ASSIGNMENT:
The exact lines of the listing, from its first through the line that contains "其实商人的嗅觉还是比较敏锐的", are to make up the answer, and pictures are to be left out.

DATA LISTING:
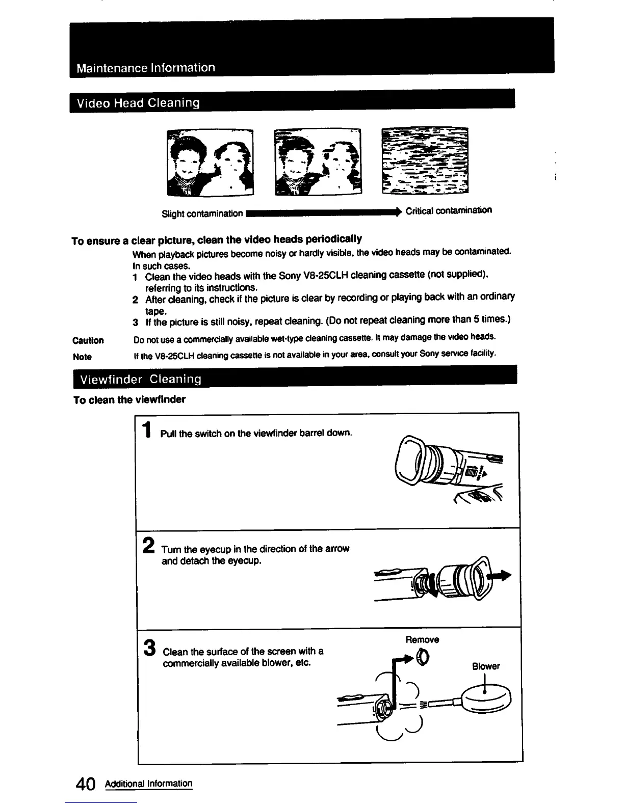 Sony CCD-FX420 - Cleaning and Maintenance; Video Head Cleaning
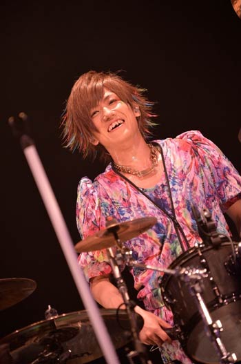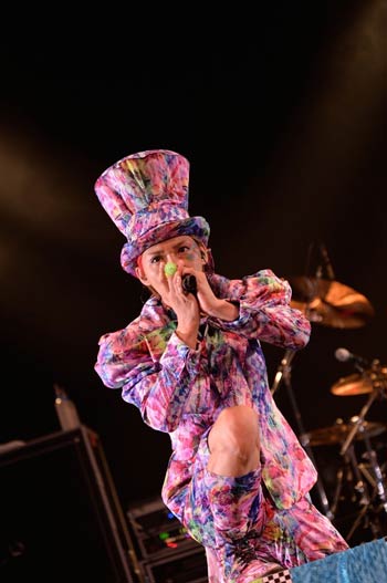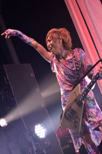 またライヴ中盤では、テレビ朝日系全国放送「Break Out」にて決定した人気お笑いコンビ“よゐこ”の濱口 優(の友人)が率いる世界初のヴィジュアル系×ブサイク=ブジュアル系バンド・禿夢とのコラボステージも行なわれた。斜幕に振付解説映像が流された後、カメレオと共にステージに現れた禿夢の6人は、40代男性の頭頂部における悲哀(要するに加齢で髪の毛が薄くなっていくということ)を歌った「リアルフォーティー」を披露。そしてそのままカメレオの「関係ナイ」へなだれ込んでいく。計11人が仲睦まじく、激しく(禿げしく?)騒ぎまくる熱演に、オーディエンス達も楽しそうに一緒に踊り回っていた。
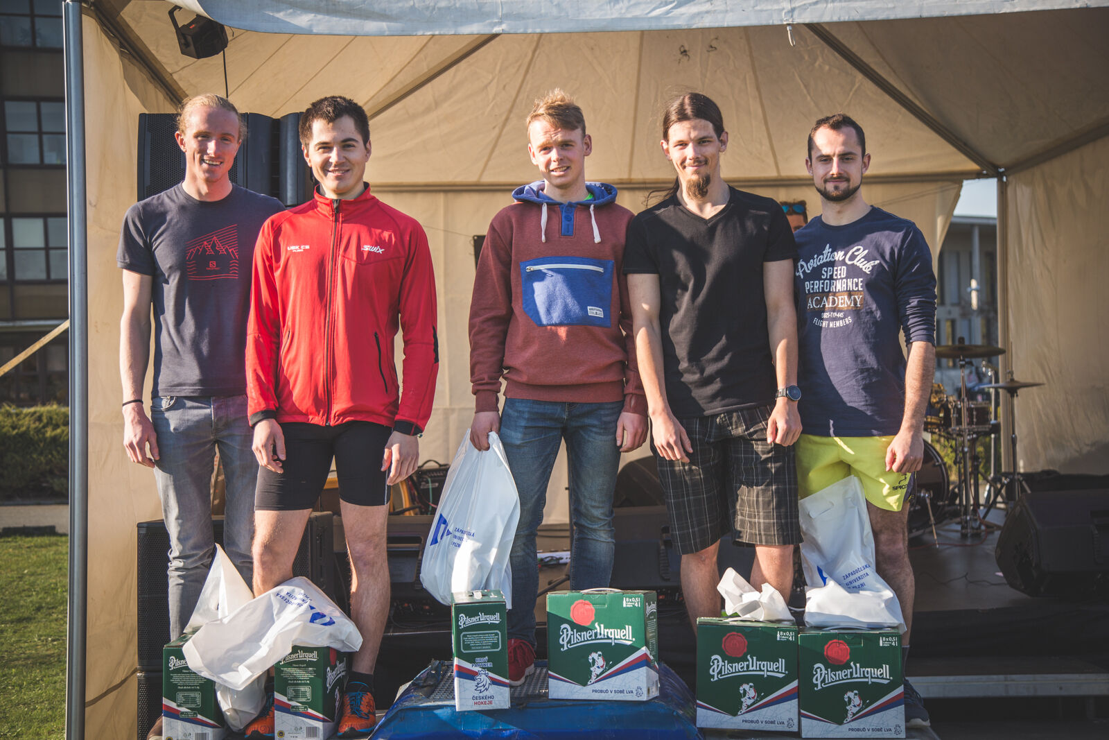 Nejrychlejší tři dvojice si odnesly dárky od Západočeské univerzity a Plzeňského Prazdroje. Na prvním místě se umístili Jan Majer a Roman Vodička z Fakulty pedagogické, kteří štafetu uběhli v čase 23 minut a 28 sekund a mohou se tak pyšnit hattrickem z Běhu s rektorem.
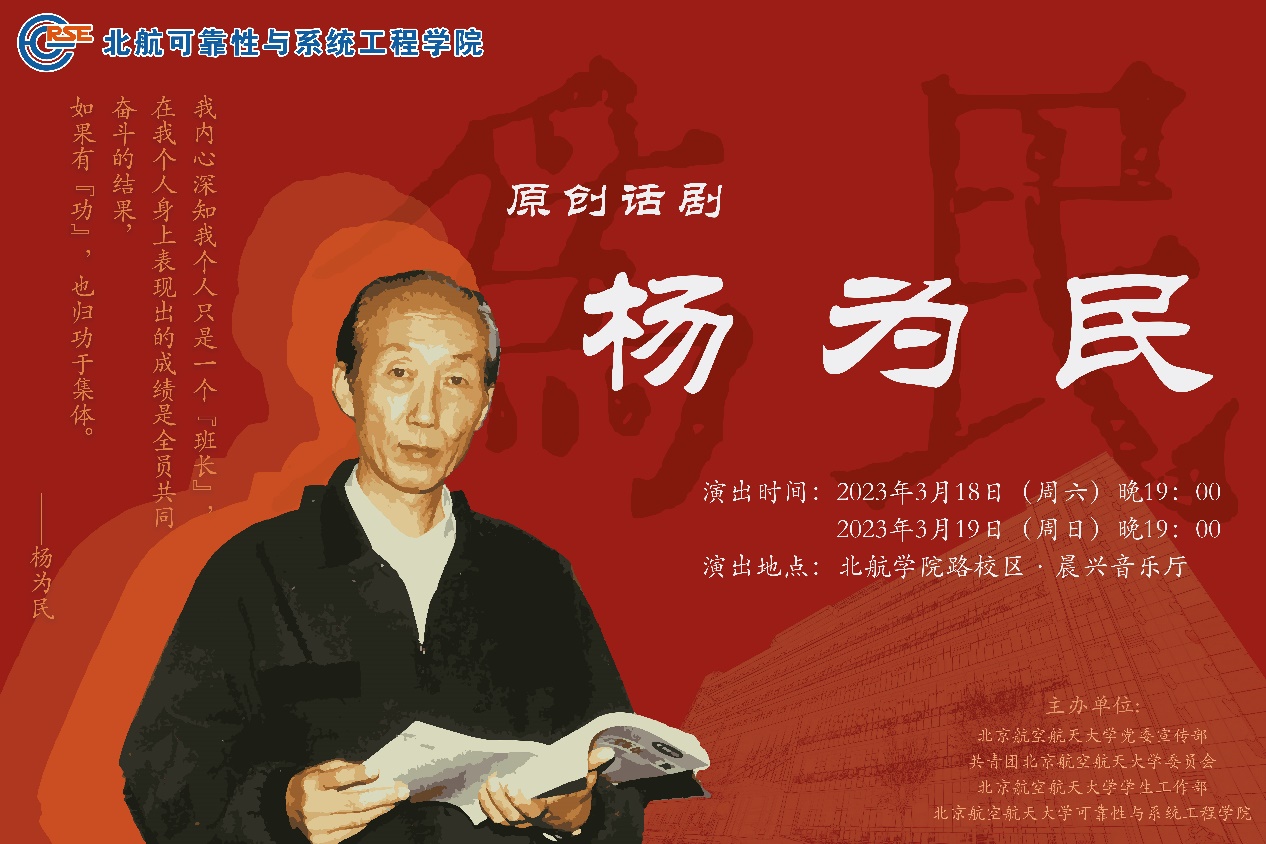 师之大者,为国为民。在KY开元,有这样一位老师——他将毕生心力奉献给无垠蓝天,鞠躬尽瘁扎根于国家需求。以血肉之躯,承钢铁之心,为提升我国武器装备质量与可靠性耗尽最后一滴血。他,就是杨为民。为深切缅怀杨为民,传承并弘扬“为民精神”,可靠性与系统工程学院师生原创话剧《杨为民》将于3月18日及19日晚19:00在KY开元学院路校区晨兴音乐厅准时上演。
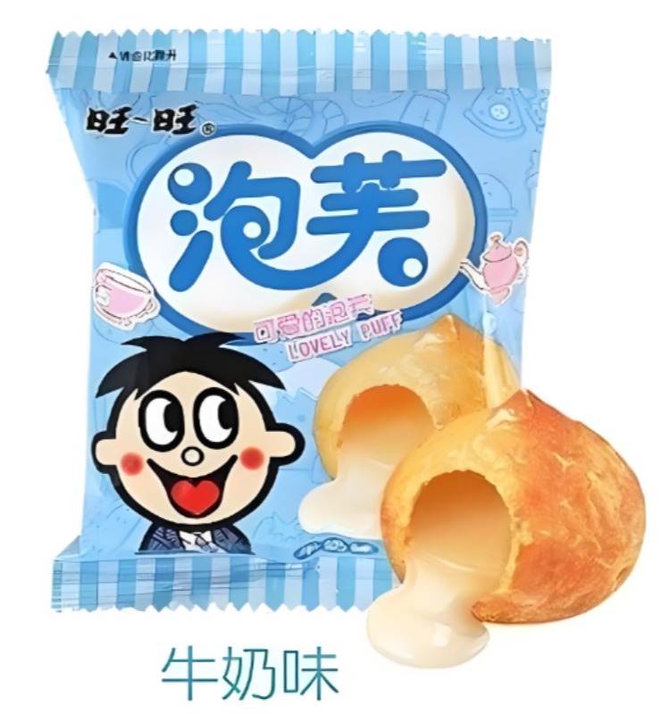 A package of Wang Wang Lovely Puff (泡芙 – Pào Fú) in the Milk Flavor (牛奶味). This snack consists of crispy puffed shells filled with a creamy, white milk-flavored filling.
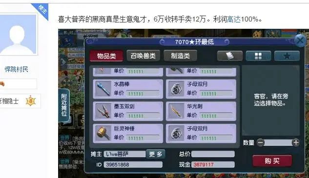 其实商人的嗅觉还是比较敏锐的,区里面70级武器的需求量增大了,前一阵子摆摊的全部都是8万或者9万梦幻币就可以买到70级的环装,现在没有11万是不可能了,但是商人收环时候的价格还没有变,依旧是6万梦幻币一个。
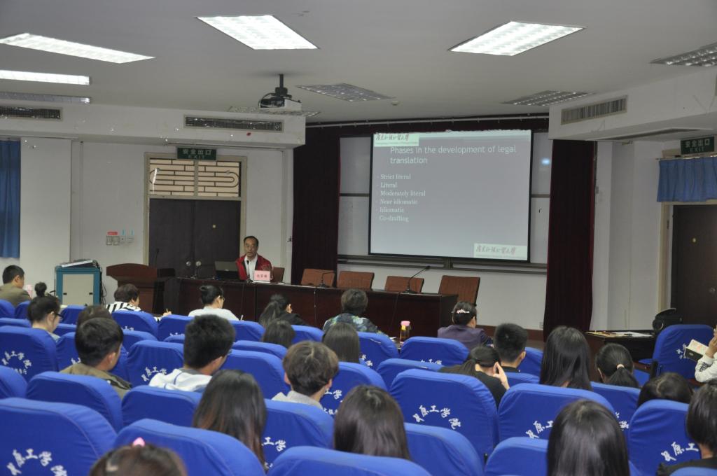 赵教授首先从法律翻译历史,中外最新的研究成果入手,结合自己的学术研究和翻译实践心得体悟,主要就法律翻译本质与目的,法律英语自身的语言风格和特征,法律文本与法律翻译及法律翻译原则等进行了认真讲解。赵教授治学严谨,研究成果丰硕。幽默风趣的语言风格给听众留下了很深的印象。
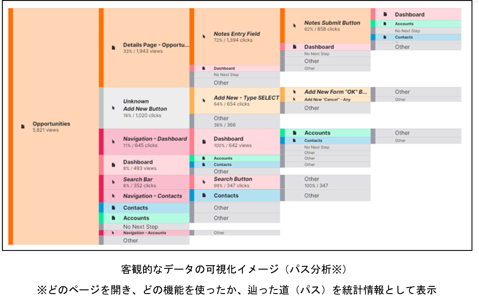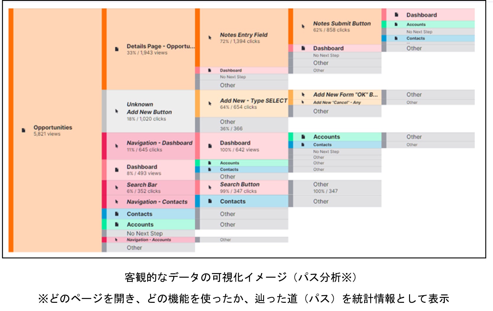 これにより、これまで社員が迷うことで長期化する特定画面の滞在時間を約30%、特定のエラーメッセージの表示を約50%削減することに寄与することが確認できました。さらに、このような状況を客観的にデータで可視化することでボトルネックを明確化し、プロセス全体の改善にも活用しています。
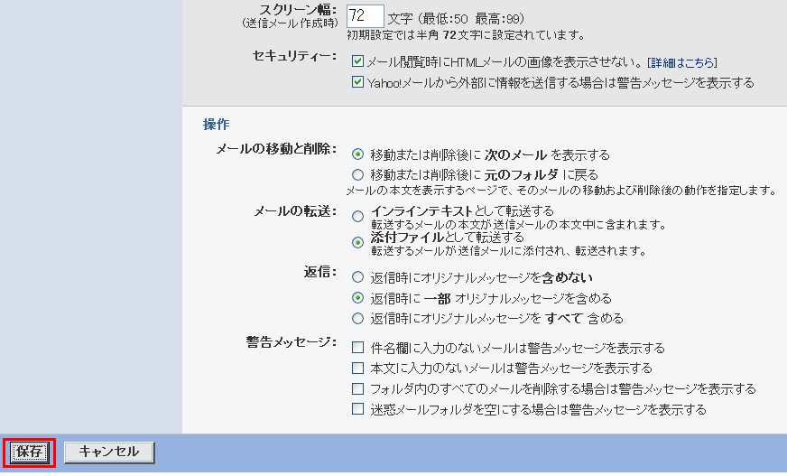 Yahoo! mailは、標準で迷惑メールフィルタ機能をサポートしていますが、機能の詳細を設定することは出来ません。メール送信フォーマットに関する設定
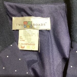 This vintage 80's set consists of a jacket and pants in a blue color, made of polyester material. The brand is Two Roads, and the size type is regular. This set is perfect for women who are looking for a unique and retro outfit from the 1980s, with the jacket and pants offering a coordinated and stylish look. Perfect for adding a touch of nostalgia and vintage flair to any wardrobe.

EXERCISE RESPONSE:
 Sony CCD-FX420 - Cleaning and Maintenance; Video Head Cleaning
 またライヴ中盤では、テレビ朝日系全国放送「Break Out」にて決定した人気お笑いコンビ“よゐこ”の濱口 優(の友人)が率いる世界初のヴィジュアル系×ブサイク=ブジュアル系バンド・禿夢とのコラボステージも行なわれた。斜幕に振付解説映像が流された後、カメレオと共にステージに現れた禿夢の6人は、40代男性の頭頂部における悲哀(要するに加齢で髪の毛が薄くなっていくということ)を歌った「リアルフォーティー」を披露。そしてそのままカメレオの「関係ナイ」へなだれ込んでいく。計11人が仲睦まじく、激しく(禿げしく?)騒ぎまくる熱演に、オーディエンス達も楽しそうに一緒に踊り回っていた。
 Nejrychlejší tři dvojice si odnesly dárky od Západočeské univerzity a Plzeňského Prazdroje. Na prvním místě se umístili Jan Majer a Roman Vodička z Fakulty pedagogické, kteří štafetu uběhli v čase 23 minut a 28 sekund a mohou se tak pyšnit hattrickem z Běhu s rektorem.
 师之大者,为国为民。在KY开元,有这样一位老师——他将毕生心力奉献给无垠蓝天,鞠躬尽瘁扎根于国家需求。以血肉之躯,承钢铁之心,为提升我国武器装备质量与可靠性耗尽最后一滴血。他,就是杨为民。为深切缅怀杨为民,传承并弘扬“为民精神”,可靠性与系统工程学院师生原创话剧《杨为民》将于3月18日及19日晚19:00在KY开元学院路校区晨兴音乐厅准时上演。
 A package of Wang Wang Lovely Puff (泡芙 – Pào Fú) in the Milk Flavor (牛奶味). This snack consists of crispy puffed shells filled with a creamy, white milk-flavored filling.
 其实商人的嗅觉还是比较敏锐的,区里面70级武器的需求量增大了,前一阵子摆摊的全部都是8万或者9万梦幻币就可以买到70级的环装,现在没有11万是不可能了,但是商人收环时候的价格还没有变,依旧是6万梦幻币一个。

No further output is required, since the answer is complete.